PS, Bloco de Esquerda, PCP e "Os Verdes" rejeitaram, esta quarta-feira, o projeto de resolução apresentado pelo PSD para a criação de uma comissão eventual no parlamento para se proceder a uma reforma da Segurança Social.

Estamos cansados da discussão requentada que insiste sempre nos mesmos pontos", sublinhou o vice-presidente da bancada do PS João Galamba.

O parlamentar socialista falava no debate agendado pelo PSD para a criação de uma comissão eventual para estudar e promover uma reforma do sistema público de Segurança Social.

Discordamos de todos os diagnósticos apresentados pelo PSD, achamos que partem de premissas erradas, dados manipulados e não correspondem à verdade", sublinhou João Galamba, antes de dizer que "todos os indicadores demográficos se agravaram com a governação" recente do PSD, a meias com CDS-PP.

A resolução dos sociais-democratas contou com o apoio o apoio do CDS-PP, num debate que encerrou com uma intervenção do presidente do PSD, Pedro Passos Coelho.

No final do debate, o presidente do PSD acusou a maioria de esquerda parlamentar de estar "esgotada", sem disponibilidade para "nada" e "fechada" a qualquer debate perante os portugueses, refugiando-se numa "canga dogmática" sobre o futuro da Segurança Social.
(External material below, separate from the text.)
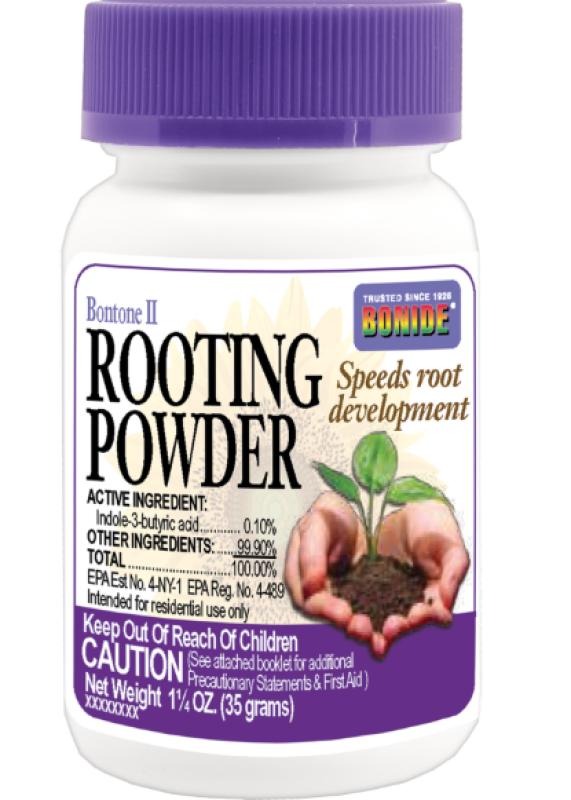 BONIDE Bontone Rooting Powder is a ready to use IBA root stimulator that speeds root development of cuttings, corms, bulbs and roots of plants. It can be used on many types of plants including ornamentals, vegetables, fruit trees and berries. It's an easy inexpensive way to multiple your plant supply.

Se o PS e as outras forças de esquerda não têm sequer disponibilidade para, numa comissão eventual, abordar possíveis soluções e avaliar diagnósticos sobre a Segurança Social, retirando toda a canga dogmática da discussão, então é porque não estão disponíveis para nada", disse.

Antevendo este resultado negativo para as forças da oposição, a meio da discussão, o presidente da bancada do CDS-PP, Nuno Magalhães, anunciou que a sua bancada irá entregar em breve uma resolução para "forçar" o Governo a informar em detalhe as perspetivas de evolução e de sustentabilidade do sistema de Segurança Social.
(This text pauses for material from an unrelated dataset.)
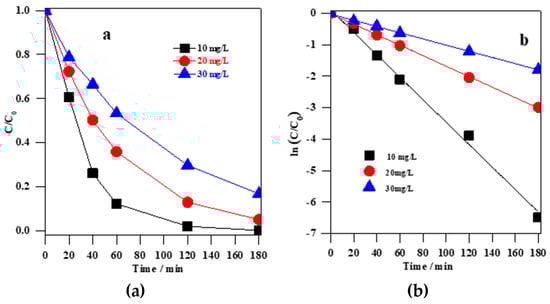 The influence of initial MC-LR concentration on the photocatalytic performance of as-synthesized C/N co-modified TiO2 with an initial TiO2 dose of 0.4 g L−1 at pH 4 is shown in Figure 11. It was found that an increase in MC-LR concentration resulted in a decrease in degradation efficiency. This obvious behavior is caused by the fact that higher concentration means higher competition (more molecules) for same content of reactive oxygen species, as well as the competition between oxidation by-products and original compound (MC-LR) for both adsorption (on the photocatalyst surface) and degradation. The MC-LR degradation presented a first-order behavior (as confirmed by logarithmic plot (Figure 11b)) with the reaction rates of 2.01 × 10−4 mmol L−1 (K = 0.034 min−1), 1.03 × 10−4 mmol L−1 (K = 0.017 min−1), and 0.73 × 10−4 mmol L−1 (K = 0.011 min−1) and degradation efficiency after 180-min vis irradiation of 100%, 95% and 83% at the initial MC-LR concentration of 10, 20, and 30 mg L−1, respectively.

A constituição de uma comissão para em 180 dias "estudar e propor uma reforma estrutural do sistema público de Segurança Social português" pede, disse o deputado do PSD Marco António Costa, que os partidos com assento parlamentar decidam se "pretendem perder-se nas querelas partidárias ou se desejam contribuir para a construção de consensos indispensáveis".
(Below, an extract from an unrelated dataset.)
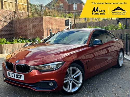 ** FREE 12 MONTH AA COVER ** WE ARE DELIGHTED TO OFFER TO SALE THIS STUNNING BMW 420 SPORT COUPE. FINISHED IN VALENCIA ORANGE WITH A BLACK LEATHER INTERIOR. THIS CAR IS A HIGH SPEC VEHICLE. WE WILL APPLY A LONG MOT AND A 6 MONTH NATIONWIDE WARRANTY. WE HOLD A DETAILED SERVICE RECORD AND NEXT SERVICE DUE IN 6000 MILES. OVERALL CONDITION IS EXCELLENT, UNMARKED ALLOYS, GREAT TYRES, FRESH INTERIOR AND CLEAN PAINTWORK. FEATURES INCLUDE PRO NAVIGATION, HEATED MEMORY SEATS FINISHED IN BLACK DAKOTA LEATHER, PARK SENSORS, CRUISE, MULTIFUNCTION STEERING WHEEL, CLIMATE CONTROL, TINTED GLASS, USB AND AUX PORTS, FOLDING MIRRORS, PUSH BUTTON START, DAB RADIO, 2 KEYS. A LOVELY EXAMPLE. ** WE ARE OPEN 6 DAYS A WEEK MONDAY - SATURDAY 8AM - 6PM ** VIEWINGS ARE BY APPOINTMENT. CALL 07904 803760 WE ARE HERE TO HELP YOU 07904 803760. NATIONWIDE DELIVERY OPTIONS. 12V Power Socket in Front Centre Console, 18in Alloy Wheels - Double Spoke - 397, 6.5in Colour Display Screen, Access to BMW Connected Plus for 12 Mont, Air Breather - Black High Gloss, Air Conditioning - Automatic with Two-Zo, Air Conditioning and Radio Control Panel, Airbags, Alarm System - Thatcham 1 with Remote Co, Ambient Lighting - Switchable BMW Classi, Armrest - Front - Folding with Storage C, Battery Safety Cut Off, Bluetooth Hands-Free Facility with USB A, BMW ConnectedDrive Online Services, BMW Emergency Call, BMW Navigation System, BMW Professional Radio with Single CD Pl, BMW TeleServices, Bottle Holders Integrated into Door Trim, Brake Pad Wear Indicator - Front and Rea, Bumper

O PSD quer que esta comissão eventual tenha como objeto "a recolha de contributos, a análise e a sistematização de medidas orientadas para a sustentabilidade financeira e sociopolítica de longo prazo do sistema de Segurança Social".

No âmbito da comissão deverão ser ouvidos os parceiros sociais, responsáveis institucionais públicos, privados, bem como personalidades do meio académico, e, no final, deverá ser apresentado um relatório com as respetivas conclusões.

Na sexta-feira, o líder do PSD, Passos Coelho, voltou a propor uma discussão sobre a reforma da Segurança Social, tendo então sublinhado que "é imperioso não adiar a resposta política a este problema" e que a matéria não pode ficar reduzida às "preferências partidárias".

As críticas do Governo vieram no dia seguinte, sábado, pela voz do ministro do Trabalho, Solidariedade e Segurança Social, Vieira da Silva, que acusou Pedro Passos Coelho de fazer uma "manobra de diversão".